Parkinson’s disease is most known for its movement-related symptoms: tremors and rigidity, slowness and falls, caused by the loss of the brain’s dopamine-producing neurons.
However, about half of Parkinson’s patients also experience neuropsychiatric problems, including cognitive and sleep issues, depression, anxiety, even psychosis, according to Binghamton University Psychology Professor Christopher R. Bishop.
Bishop is part of a collaborative research team that recently received a four-year grant from the Department of Defense to investigate the underlying cause of neuropsychiatric symptoms in Parkinson’s disease (PD).
The $3 million is split among researchers at Binghamton, the Barrow Neurological Institute in Arizona and the University of Illinois in Chicago. The team began working together more than three years ago on a National Institutes of Health-funded project focused on the brain’s compensatory processes in PD and includes experts in neuroanatomy, neuroimaging, neurophysiology and neurochemistry.
“It’s a truly collaborative effort; none of us would be able to do this by ourselves,” said Bishop.
Veterans tend to develop Parkinson’s at a higher rate than the general population, which is why the DOD funds research of this type, he said.
Changes in serotonin-producing neurons have often been linked to PD in clinical studies, and research has found that serotonin neurons are unexpectedly capable of producing dopamine when exposed to L-DOPA, a common PD treatment. However, the serotonin neurons release dopamine in an uncontrolled way, leading to significant side effects.
“It’s almost as if the systems get hijacked and tip over into aberrant neuroplasticity,” Bishop explained. “The severity of the disease is the tipping point and adding treatment on top of disease progression.”

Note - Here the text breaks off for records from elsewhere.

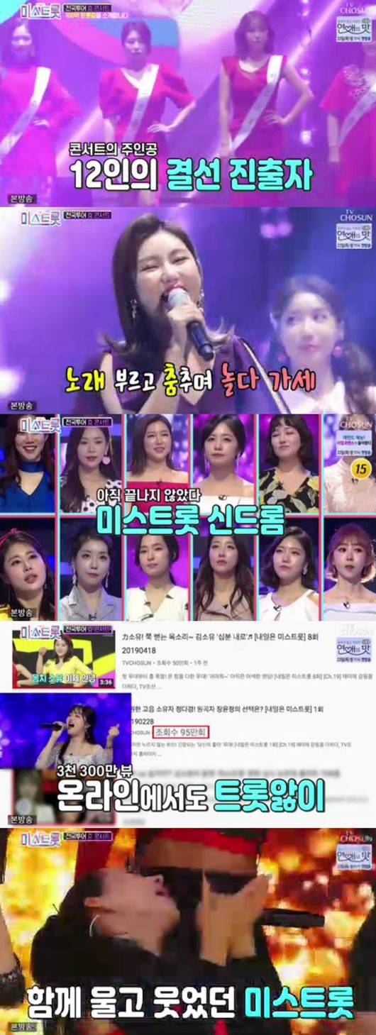 이처럼, 대한민국의 트롯열풍이 불게하며 트롯의 가능성을 보여준 '미스트롯', 온라인에서도 트롯앓이는 계속됐다. 음원차트도 상위권을 석권하는 등 한계를 모르는 실력들을 폭발하는 등, 이번 콘서트 만으로도 역대 최고의 열풍을 휩쓴 미스트롯의 신드롬은 아직 끝나지 않았음을 증명했다.
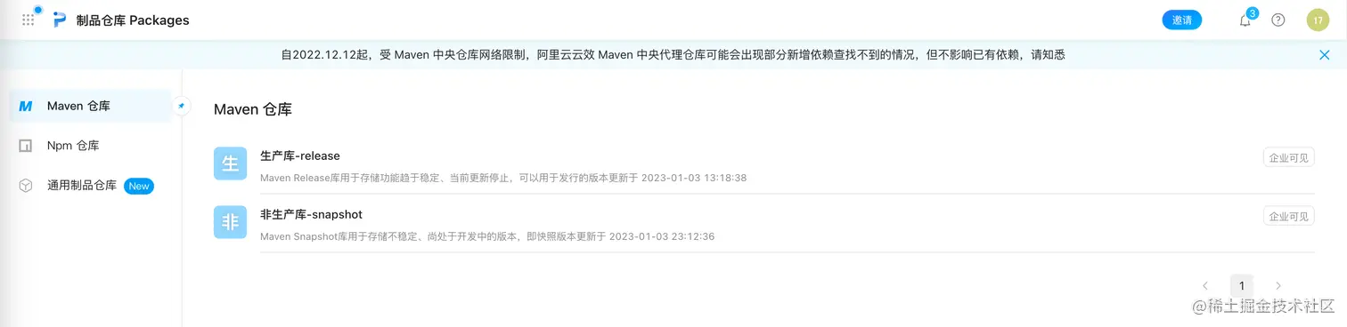 注册并登录进去之后,我们可以看到有两个对应的仓库,生产库-release 和 非生产库-snapshot,分别用来存放我们不同环境的jar包,如果你的 pom.xml中的version带 -snapshot,那么推送的就是 非生产库, 如果不带 -snapshot ,推送的就是生产库。这里需要注意的是,生产库的jar包是不允许重复推送的。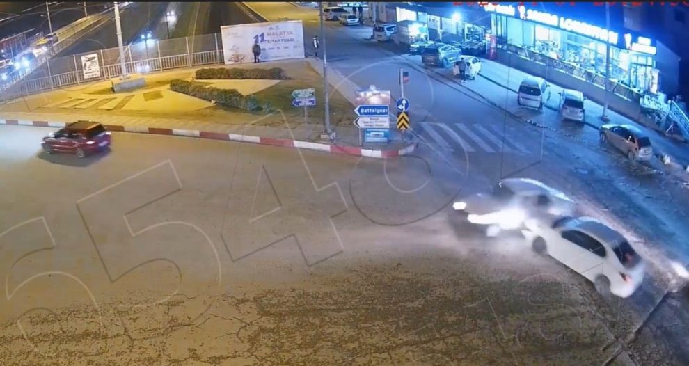 Battalgazi Kavşağı’nda ise ışık ihlali yapan bir aracın, diğer yönden gelen araçla çarpıştığı anlar kameralara yansıdı.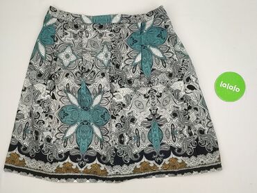 Spódnica damska GREY WOLF, rozmiar M - Krój: ołówkowy, długość do kolan - Kolor bazowy: turkus/niebieski - Wzór: ozdobny, ornamentalny bordiurą u dołu w odcieniach pomarańczu, beżu, czerni i różu ...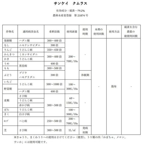 ◆天然由来の純粋な硫黄なのでイヤなニオイがなく、植物のダニや病気対策へ回数制限なく使えます。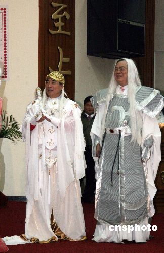 臺灣第七屆“立法院”十二日舉行新春團拜,院長王金平、副院長曾永權(quán)分別扮演布袋戲角色。王金平扮演的是“一頁書”,這個角色是象征正道的精神指標;曾永權(quán)扮演“葉小釵”,象征一個耿直專一、守信重諾的俠客。中新社發(fā) 徐長安 攝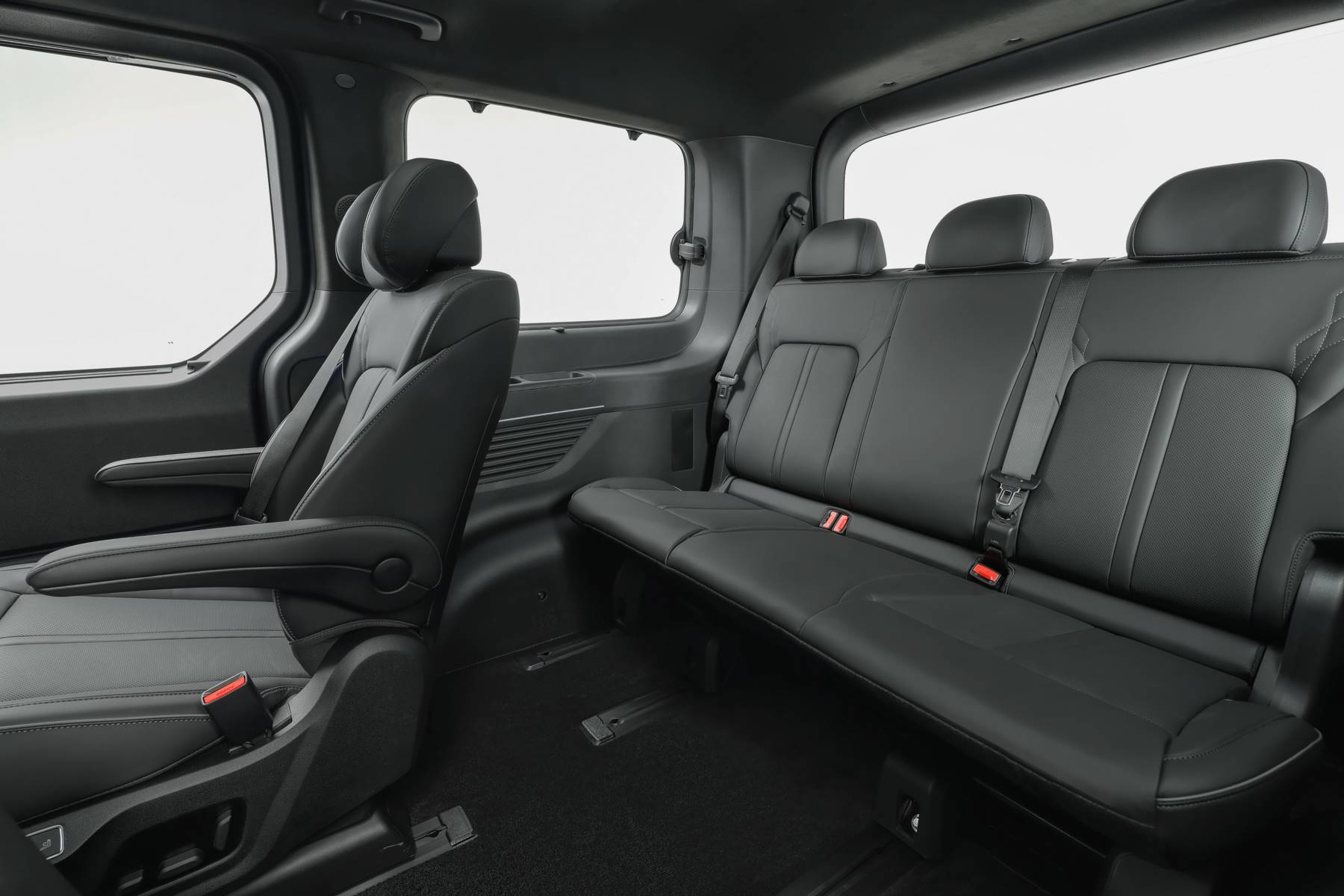 STARIA Electric ถูกวางคอนเซ็ปต์ให้ภายในเป็น “พื้นที่ใช้ชีวิต” มากกว่าห้องโดยสารรถยนต์ ด้วยข้อได้เปรียบของ EV อย่าง พื้นเรียบ และแพ็กเกจการวางระบบที่ช่วยให้ได้พื้นที่มากขึ้น ไฮไลต์ที่ Hyundai เน้น ได้แก่
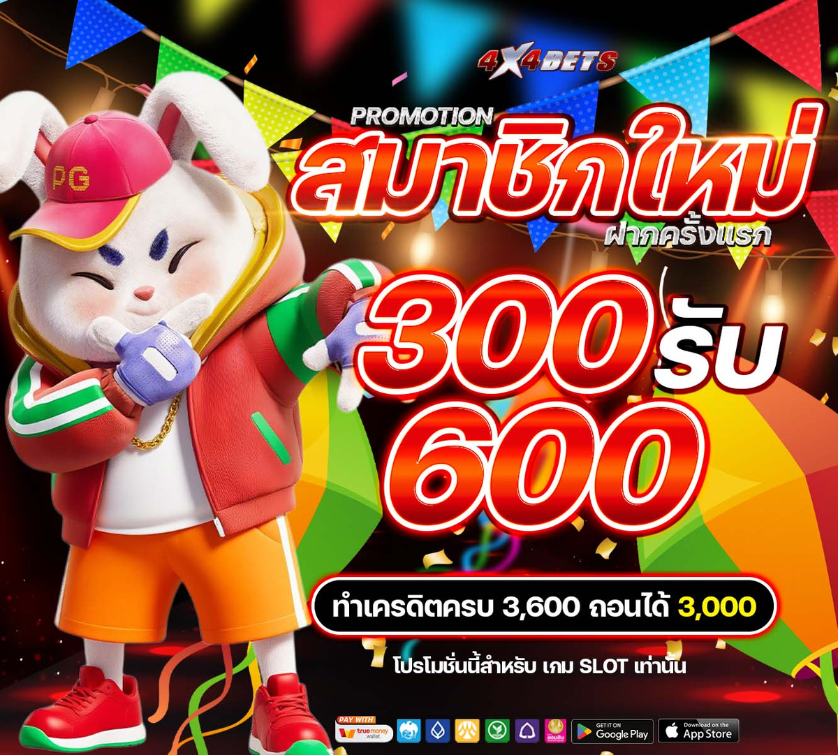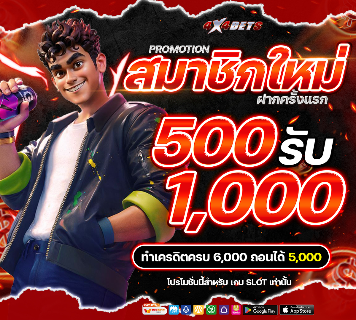 - เป็นสมาชิกใหม่ของ 4x4bets เท่านั้น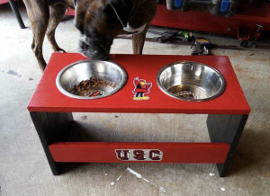 In addition to the wooden flags, Folk creates bird feeders, cutting boards, raised dog bowls, and even furniture. Though much of his work is sold through word of mouth, Folk has gained a following on Facebook under the name Old Rustic Relics, where customers can view and request his creations. His wife Tammy helps manage orders through their Facebook page, and he also takes custom requests via phone.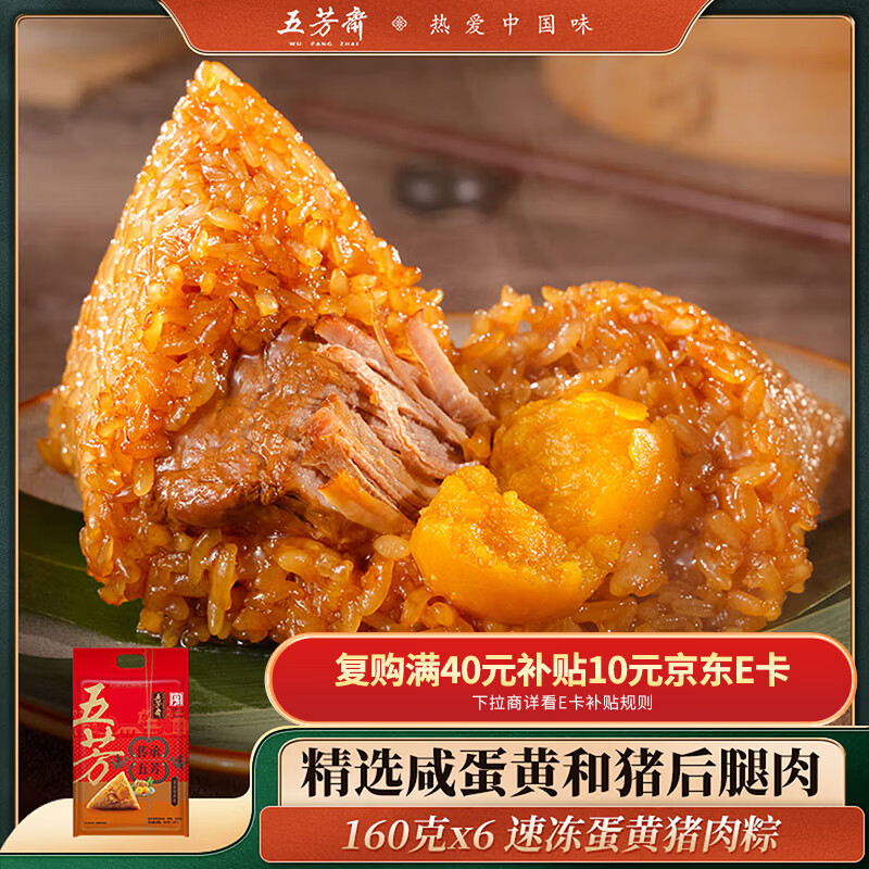 五芳斋 速冻蛋黄猪肉粽 160g*6只 嘉兴粽子蛋黄肉粽端午粽子早餐食品

Due to the development of new techniques, researchers can directly modify specific cell types in animal models and study or stimulate those cell types with chemo-genetic tools. So far, they have been able to demonstrate that animals subject to specific cellular changes show increased levels of anxiety.
Long-term, their research could ultimately improve the lives of PD patients and the management of symptoms.
In fact, the researchers have identified several medications that could be repurposed to treat serotonin dysfunction in PD, should their hypothesis prove true. Thanks to a partnership with the Muhammad Ali Parkinson Center, a NeuroNEXT clinical trial site, they also have access to a large PD population, as well as extensive expertise in clinical trials.
“Non-motor symptoms of PD clearly come from an organic source,” Bishop said. “As we investigated it further using our animal models and even postmortem human brains, we noticed the same plasticity in the movement system in the areas involved in neuropsychiatric, cognitive and sleep-related functions. There is a more global compensatory mechanism involved in the disease.”